Sunday, July 8, 2018

Seward, AK


If you didn’t know, the city of Seward was named for President Lincoln’s Secretary of State, William Henry Seward, the man who “negotiated” the purchase of Alaska from Russia.  Although credited with the purchase, Seward didn’t actually do the negotiating; he authorized the local fur-trading company to do the deal for him.  The story of Russia refusing to take our check and demanding gold for the purchase, which we had to borrow from England (kind of ironic I think) and then the boat with the gold sinking on its way to Russia I found very entertaining.
 
I’m camped in the Chugach National Forest in Moose Pass, about 23 miles north of Seward.  Unfortunately for me, but not for the lush green mountains, it has rained all day, every day I have been here.  So, although this area is known for the hikes, I haven’t taken any.  According to the guidebooks … “the sun barely sets, the salmon are running and, in general, June is the driest, July is the warmest, and August the rainiest month. 

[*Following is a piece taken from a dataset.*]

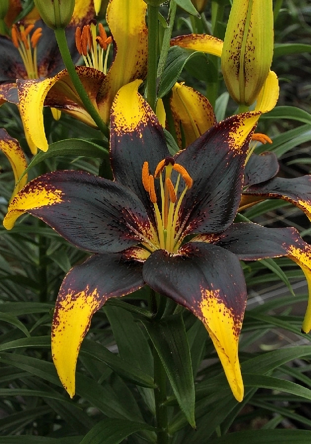 Окраска цветка : цветы золотисто-желтые, с многочисленными темными крапинками, сливающимися в широкую темно-лиловую сердцевину, классической звездчатой формы, широко-раскрытые, направлены вверх и в стороны
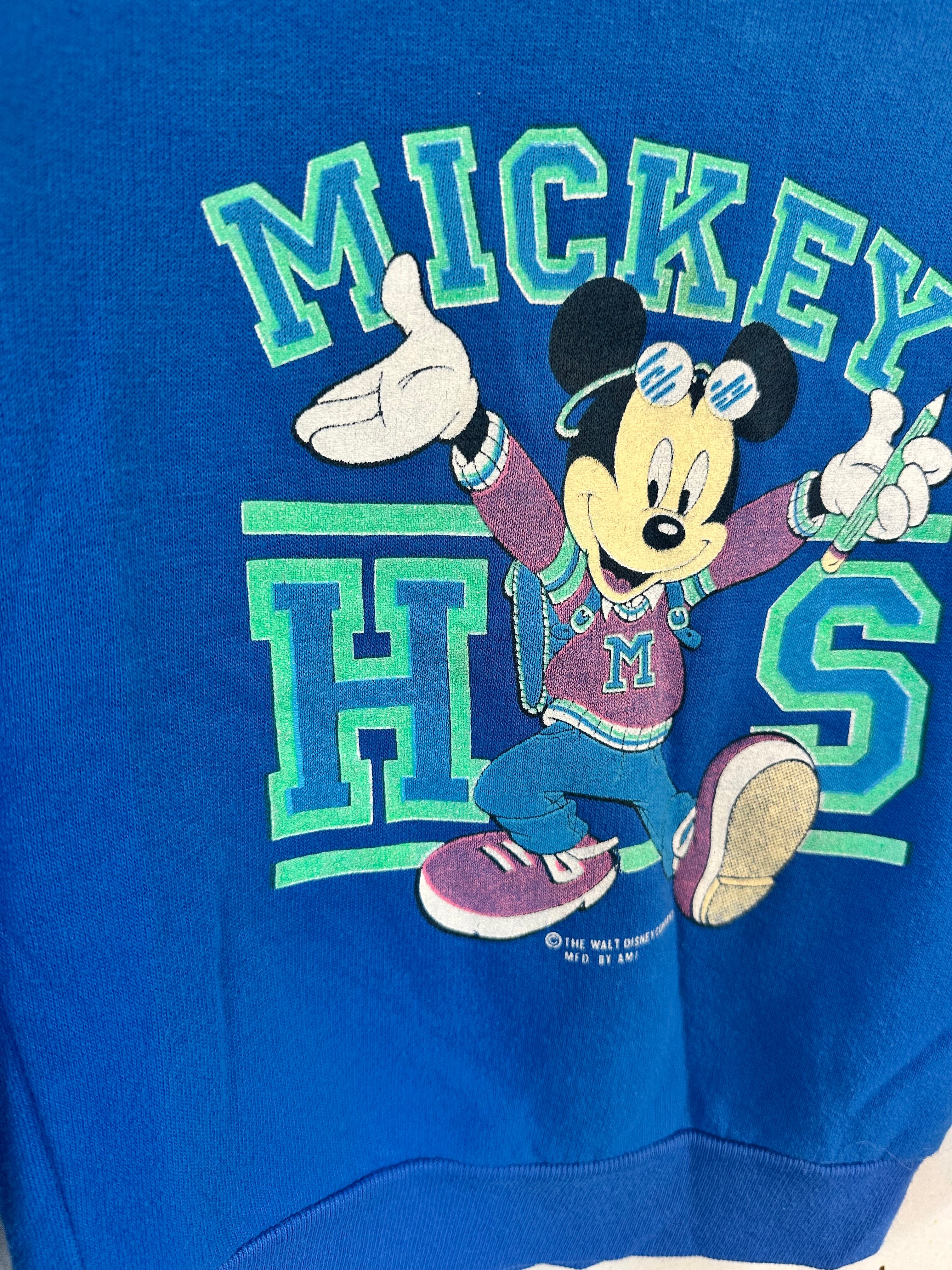 (110)USA 90's vintage ©️The walt disney company ミッキー mickey highschool スクール プリント スウェット トレーナー (LT149)

Apparently “warmest” is relevant because it hasn’t gotten any warmer than 55 degrees this week (and I don’t want to experience the “rainiest” month). Ha

Because of the inclement weather and low visibility, I opted not to take the day cruise I had planned into Resurrection Bay; a bay carved by millions of years of glacial activity and now a deep fjord that extends nearly 35 miles north and south.

The first night I arrived in Seward I spent the night at Seward Waterfront Park. Being right on the bay, the weather was especially bad, with cold, winds and rain.  It was a beautiful spot even with the bad weather.

 



I made a stop at the Alaska SeaLife Center –Underwater viewing tanks enable you to witness Steller’s sea lions swimming and harbor seals and nearly 2,000 invertebrates, fish, seabirds and marine mammals; approximately 177 different species.  It also boasts the deepest diving bird exhibit in North America, along with interactive exhibits and films to watch.

Doesn't that eel look like an old man with no teeth?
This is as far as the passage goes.